I have found that, while there is much discourse around “running AI” (i.e. performing inference) on microcontrollers, there is a general lack of information about what these systems are actually capable of, and how new hardware advancements impact that equation. It is my hope with this series to peel back some of the layers of terminology and explore what actually happens between supplying inputs to a model and receiving outputs. Along the way, we’ll ground our exploration in performing inference with real models on real constrained hardware.
While “weights” get the majority of the attention with AI models, they alone are not sufficient for performing inference. Depending on how a model is distributed and what runtime is used, additional data or metadata may be supplied alongside the model, or may be defined explicitly in software that interacts with the weights.

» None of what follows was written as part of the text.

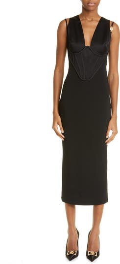 Versace's signature verve thrives on this curve-clinging midi dress that's shaped by a boned, corset-inspired bodice and deeply diving neckline.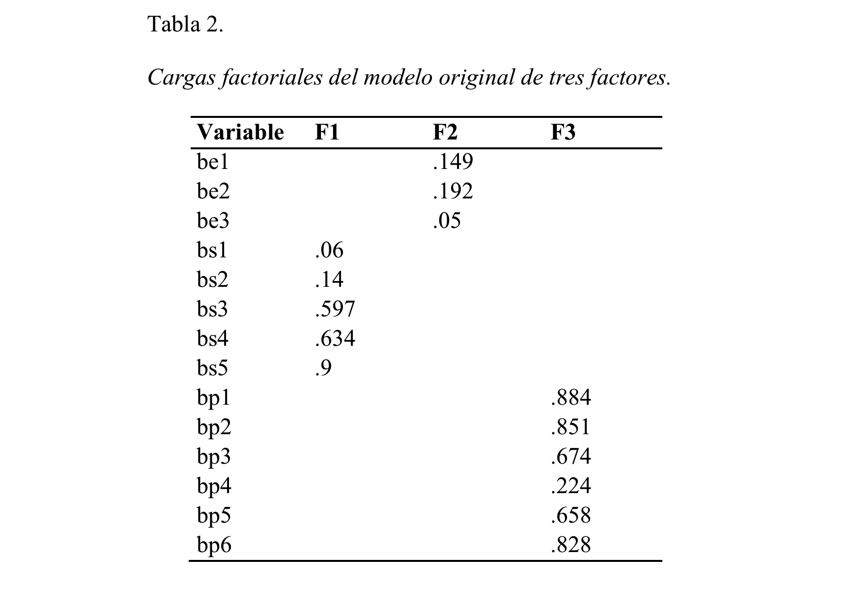 La matriz de cargas factoriales se presenta en la tabla 3.

The most popular runtime for microcontrollers is Tensorflow Lite for Microcontrollers ( tflite-micro ), which is an optimized version of Tensorflow Lite.
Note: Google recently rebranded Tensorflow Lite to LiteRT, and tflite-micro to LiteRT for Microcontrollers.
tflite-micro uses the .tflite file format, which encodes data using FlatBuffers. Unlike some other model file formats, .tflite files include not only the tensors that encapuslate model weights, but also the computation graph, which informs the runtime of what operations to use when performing inference. In order to do so, there needs to be a defined set of operators. This is somewhat analagous to instructions defined in an instruction set architecture (ISA) for a processor. With an ISA, a compiler will take a higher level programming language and map the behavior onto instructions available in the ISA. Tensorflow supports an extensive set of built-in operators, while Tensorflow Lite, and thus tflite-micro , supports only a subset.
Continuing the analaogy, many processors implement specific versions of the ARM architecture, but that doesn’t mean that processors implementing the same ISA are equivalent. Every instruction that is supported has to be implemented in hardware, and decisions about how the processor is designed can impact performance on multiple dimensions. Similarly, while Tensorflow Lite defines a set of operators, the implementation of those operators, which are referred to as kernels, may vary. Kernels are implemented in software, but depending on the underlying hardware, a kernel might take many instructions to execute, or may be able to optimized to leverage dedicated hardware support.
A simple example is the addition operator ( TFL::AddOp ). We’ll cover how operators and kernels are registered and invoked in a future post, but let’s start by taking a look at the default tflite-micro addition operator logic.
tensorflow/lite/micro/kernels/add.cc
TfLiteStatus AddEval(TfLiteContext* context, TfLiteNode* node) { auto * params = reinterpret_cast
As can be observed in AddEval() , the type of output we are expecting influences the implementation of the operator. To illustrate how the underlying hardware impacts performance, let’s focus on the case in which we expect kTfLiteInt8 (signed 8-bit integer) or kTfLiteInt16 (signed 16-bit integer) output, meaning that we’ll call EvalAddQuantized() .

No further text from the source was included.